BEGIN DATASET ENTRIES

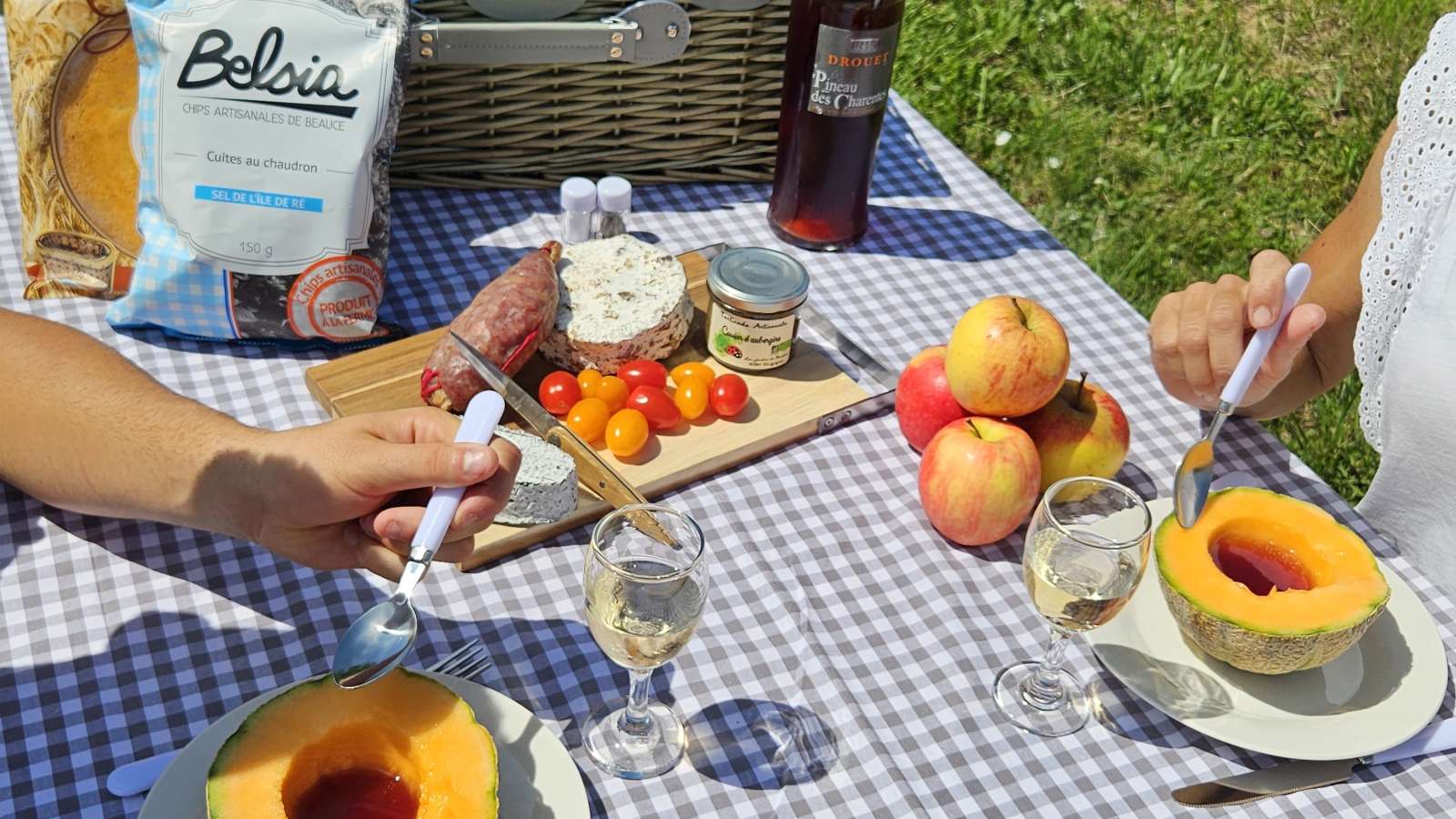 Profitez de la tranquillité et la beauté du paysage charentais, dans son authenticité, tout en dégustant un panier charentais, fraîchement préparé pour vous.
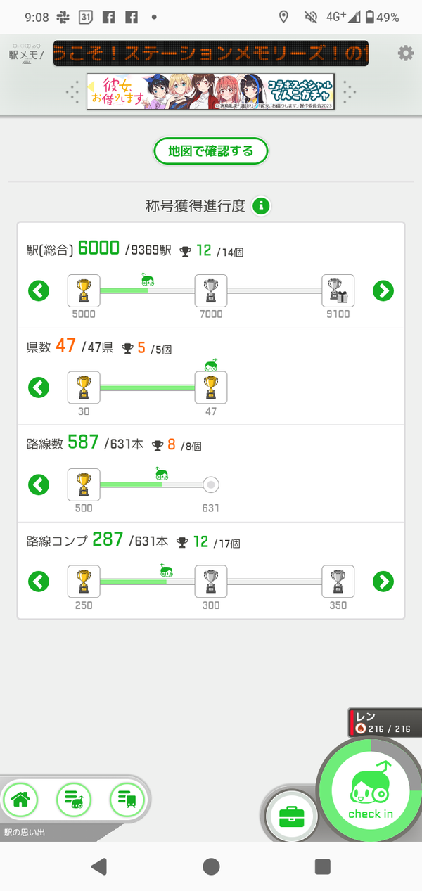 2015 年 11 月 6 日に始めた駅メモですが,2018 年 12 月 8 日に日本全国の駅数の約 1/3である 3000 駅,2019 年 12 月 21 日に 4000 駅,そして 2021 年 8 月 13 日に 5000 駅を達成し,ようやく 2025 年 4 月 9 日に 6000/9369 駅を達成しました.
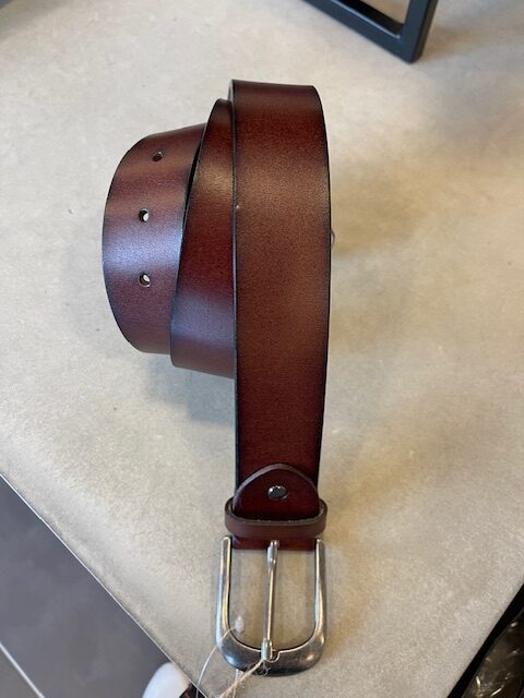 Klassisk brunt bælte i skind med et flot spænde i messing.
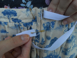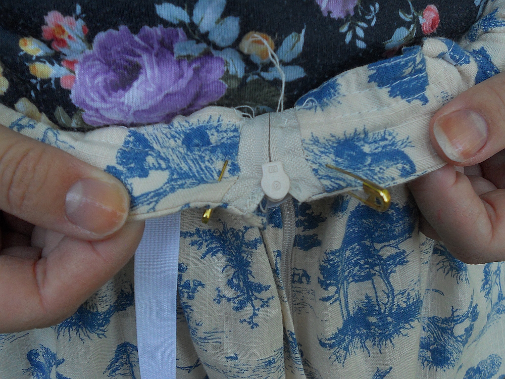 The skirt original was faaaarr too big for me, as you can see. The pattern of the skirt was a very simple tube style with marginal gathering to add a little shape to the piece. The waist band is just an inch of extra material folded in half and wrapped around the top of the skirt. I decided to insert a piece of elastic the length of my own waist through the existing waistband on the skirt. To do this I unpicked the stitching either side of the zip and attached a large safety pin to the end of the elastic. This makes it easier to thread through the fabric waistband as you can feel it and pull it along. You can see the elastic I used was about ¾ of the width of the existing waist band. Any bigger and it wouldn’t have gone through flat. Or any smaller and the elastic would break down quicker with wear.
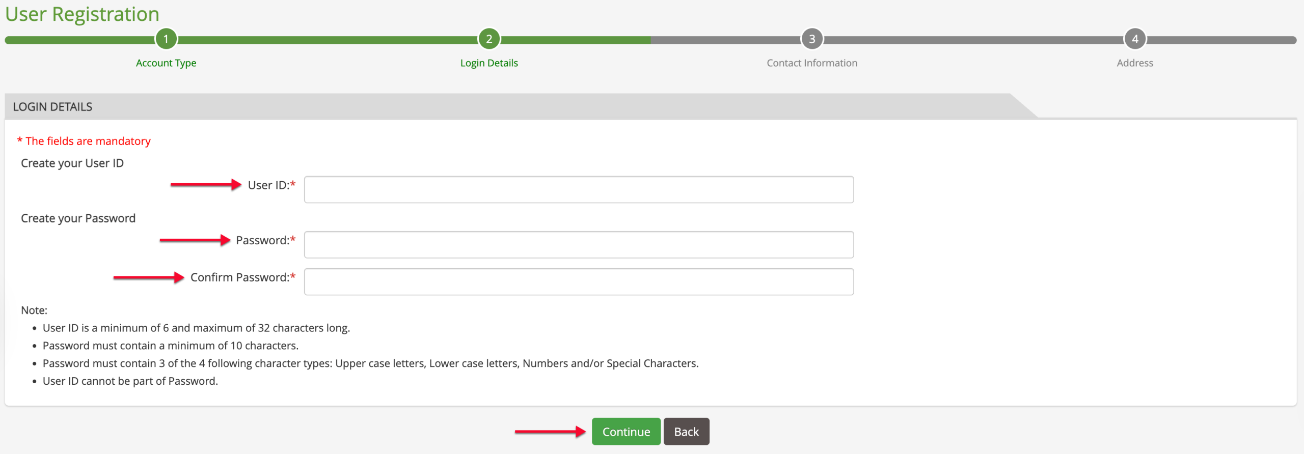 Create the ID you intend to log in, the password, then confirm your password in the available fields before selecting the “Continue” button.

END DATASET ENTRIES

YOUR OBJECTIVE — Your reply should be the lines of the records from the start through the line with "Klassisk brunt bælte", copied word for word, pictures omitted.

REPLY TO THE TASK —
 Profitez de la tranquillité et la beauté du paysage charentais, dans son authenticité, tout en dégustant un panier charentais, fraîchement préparé pour vous.
 2015 年 11 月 6 日に始めた駅メモですが,2018 年 12 月 8 日に日本全国の駅数の約 1/3である 3000 駅,2019 年 12 月 21 日に 4000 駅,そして 2021 年 8 月 13 日に 5000 駅を達成し,ようやく 2025 年 4 月 9 日に 6000/9369 駅を達成しました.
 Klassisk brunt bælte i skind med et flot spænde i messing.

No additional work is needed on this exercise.